If you want to maintain that TORTURE is worse than SPECKS in view of this sort of argument, I think you need to do one of the following:
Incidentally, for my part I am uncertain about TORTURE versus SPECKS on two grounds. (1) I do think it's possible that for really gigantic numbers of people badness stops depending on numbers, or starts depending only really really really weakly on numbers, so weakly that you need a lot more arrows to make a number large enough to compensate -- precisely on the grounds that when the exact same life is duplicated many times its (dis)value might be a slowly growing function of the number of duplicates. (2) The question falls far outside the range of questions on which my moral intuitions are (so to speak) trained. I've never seriously encountered any case like it (with the outlandishly large numbers that are required to make it work), nor have any of my ancestors whose reproductive success indirectly shaped my brain. And, while indeed it would be nice to have a consistent and complete system of ethics that gives a definite answer in every case and never contradicts itself, in practice I bet I don't. And cases like this I think it's reasonable to mistrust both whatever answers emerge directly from my intuitions (SPECKS is better!) and the answers I get from far-out-of-context extrapolations of other intuitions (TORTURE is better!).

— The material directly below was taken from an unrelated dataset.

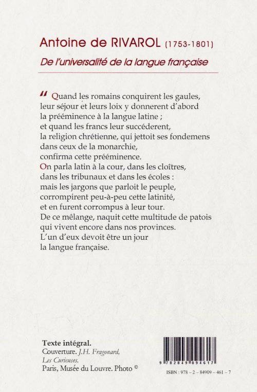 « Quand les romains conquirent les gaules, leur séjour et leurs loix y donnerent d'abord la prééminence à la langue latine ; et quand les francs leur succéderent, la religion chrétienne, qui jettoit ses fondemens dans ceux de la monarchie, confirma cette prééminence.
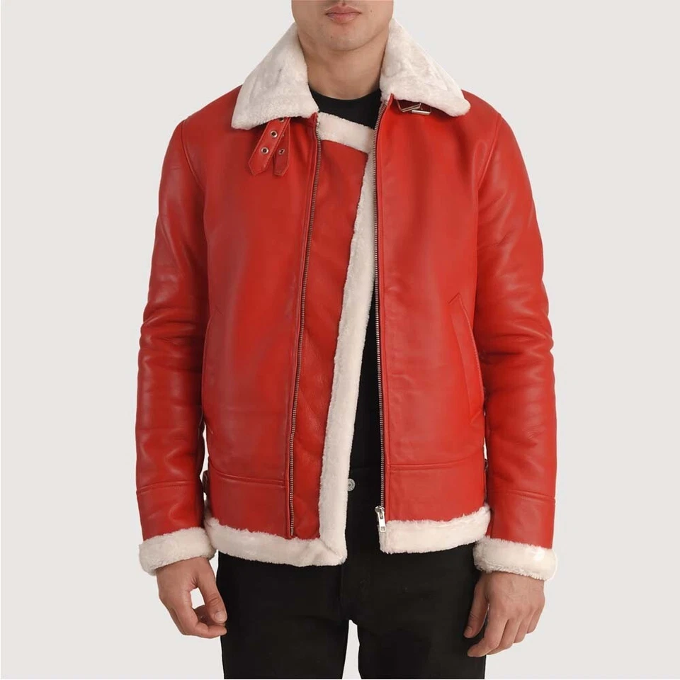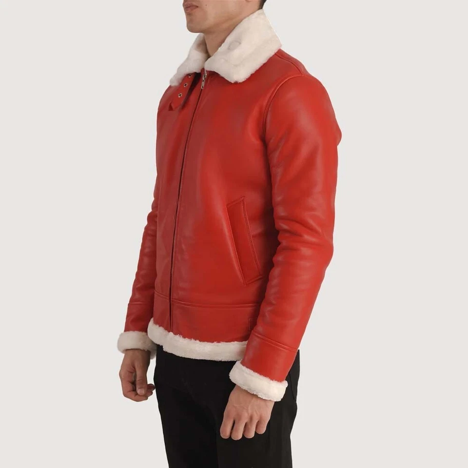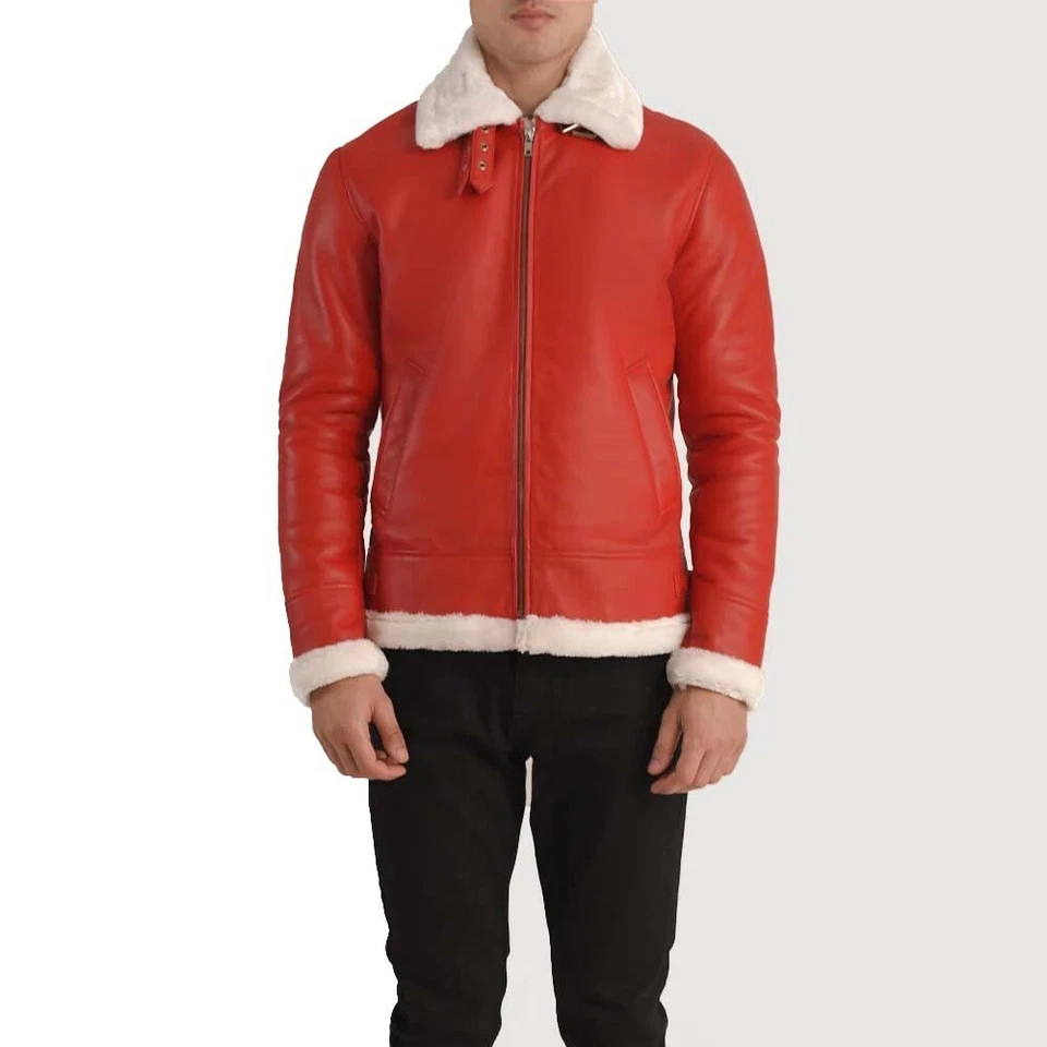 Men’s Red Lambskin Leather Santa Jacket | Festive Christmas Style

[EDITED immediately after posting, to fix a formatting screwup.]
(Small nitpicking: The pain from "a multiply-fractured leg" may bother you longer than "an hour of expertly applied torture", but the general idea behind the scale is clear.)

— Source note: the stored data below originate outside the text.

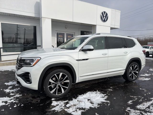 Opal White Pearl 2026 Volkswagen Atlas 2.0T SEL Premium R-Line AWD 8-Speed Automatic with Tiptronic 2.0L TSI 4WD/4X4/AWD, Leather Seats, Heated Seats, Heated Steering Wheel, Heated & Cooled Seats, Sunroof/Moonroof, Panoramic Roof, Remote Start, Navigation System, CarPlay, Android Auto, Bluetooth, Backup Camera, Rain Sensing Wipers, Blind Spot Monitoring, Adaptive Cruise Control, Lane Departure Warning, Parking Sensors, Automatic Parking, Brake Assist, Steering Wheel Controls, Cruise Control, Keyless Start, Keyless Entry, Power Lift Gate, Premium Audio, Third Row Seats, Premium/Alloy Wheels, Trailer Hitch, Atlas 2.0T SEL Premium R-Line, AWD, 3rd row seats: split-bench, Automatic temperature control, Brake assist, Bumpers: body-color, Compass, Dual front side impact airbags, Emergency communication system: VW Car-Net Safe & Secure 5-year, Exterior Parking Camera Rear, First Aid Kit, Front dual zone A/C, Front fog lights, Fully automatic headlights, Garage door transmitter: HomeLink, harman/kardon® Speakers, Heads-Up Display, Heated & Actively Ventilated Front Bucket Seats, Heated door mirrors, Heated front seats, Heated rear seats, Heated steering wheel, Heavy Duty Trunk Liner w/VW CarGo Blocks, Illuminated entry, Leather steering wheel, Low tire pressure warning, Memory seat, Outside temperature display, Perforated Vienna Leather Seating Surfaces, Power driver seat, Power Liftgate, Power passenger seat, Radio data system, Radio: MIB3 Discover Pro w/Navigation, Rain sensing wipers, Remote keyless entry, Roadside Assistance Kit, Rubber Mats Kit (2-Row), Seat Inserts w/Diamond-Pattern Stitching, Security system, Speed-sensing steering, Spoiler, Steering wheel mounted audio controls, Telescoping steering wheel, Trailer Hitch Extras, Turn signal indicator mirrors, Ventilated front seats, Volkswagen Logo Puddle Lights, VW Care, Wheels: 21" 2-Tone Machined Alloy.
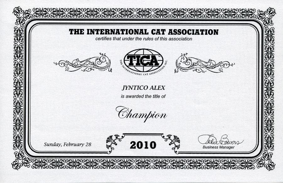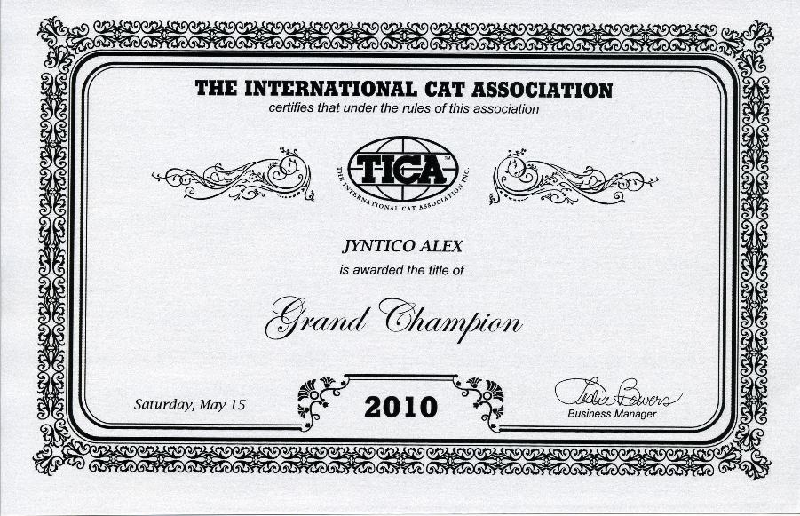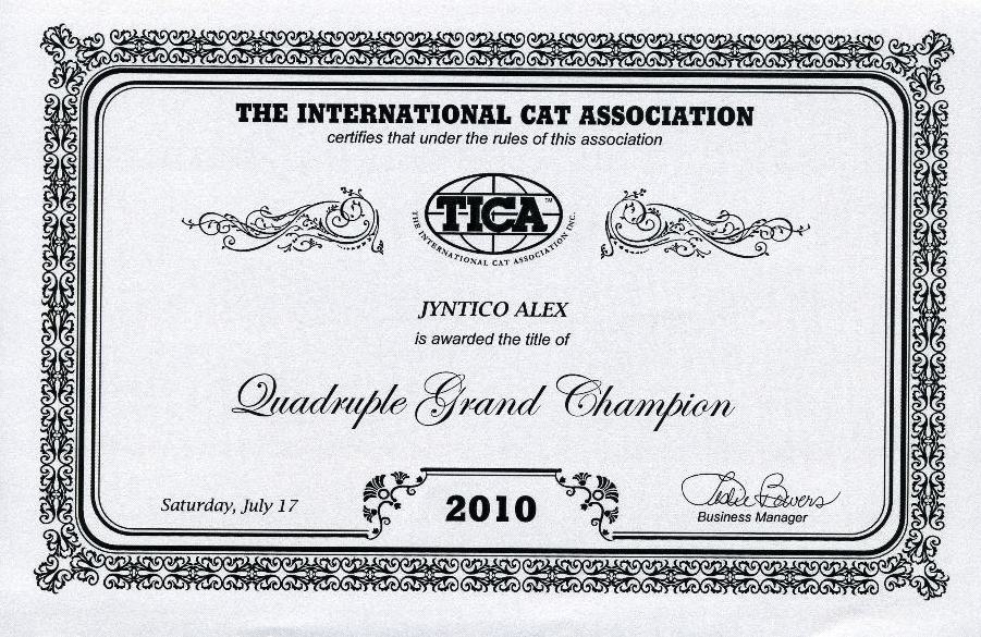 Oh, by the way, did we mention and did you see that all of the awards certifying Alex have been signed by the President of TICA, Vickie Fisher?! Oh our goodness, the season has just started 3 months ago! What else should we expect and how much more can our little human hearts take of such suspenseful action?
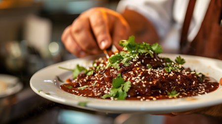Chef is garnishing dish with herbs, adding final touches to saucy, sesame-topped entree on white plate

In this case I'd choose as you do, just as in Jiro's example:
The problem with these scenarios, however, is that they introduce a new factor: they're comparing magnitudes of pain that are too close to each other. This not only applies to the amount of pain, but also to the amount of people:
I'd rather be tortured for 12 than 13 months if those were my only options, but after having had both experiences I would barely be able to tell the difference. If you want to pose this problem to someone with enough presence of mind to tell the difference, you're no longer torturing humans.
(If psychological damage is cumulative, one month may or may not make the difference between PTSD and total lunacy. Of course, if at the end of the 12 months I'm informed that I still have one more month to go, then I will definitely care about the difference. But let's assume a normal, continuous torture scenario, where I wouldn't be able to keep track of time.)
This is why,
runs into a Sorites problem that is more complex than EY's blunt solution of nipping it at the bud.
In another thread (can't locate it now), someone argued that moral considerations about the use of handguns were transparently applicable to the moral debate on nuclear weapons, and I didn't know how to present the (to me) super-obvious case that nuclear weapons are on another moral plane entirely.
You could say my objection to your 50 Shades of Pain has to do with continuity and with the meaningfulness of a scale over very large numbers. Such a quantitative scale would necessarily include several qualitative transitions, and the absurd results of ignoring them are what happens when you try to translate a subjective, essentially incommunicable experience into a neat progression of numbers.
(You could remove that obstacle by asking self-aware robots to solve this thought experiment, and they would be able to give you a precise answer about which pain is numerically worse, but in that case the debate wouldn't be relevant to us anymore.)
The underlying assumptions behind this entire thought experiment are a moral theory that leads to not being able to choose between 2 persons being tortured for 25 years and 1 person being tortured for 50 years, which is regrettable, and a decision theory that leads to scenarios where small questions can quickly escalate to blackmailing and torture, which is appalling.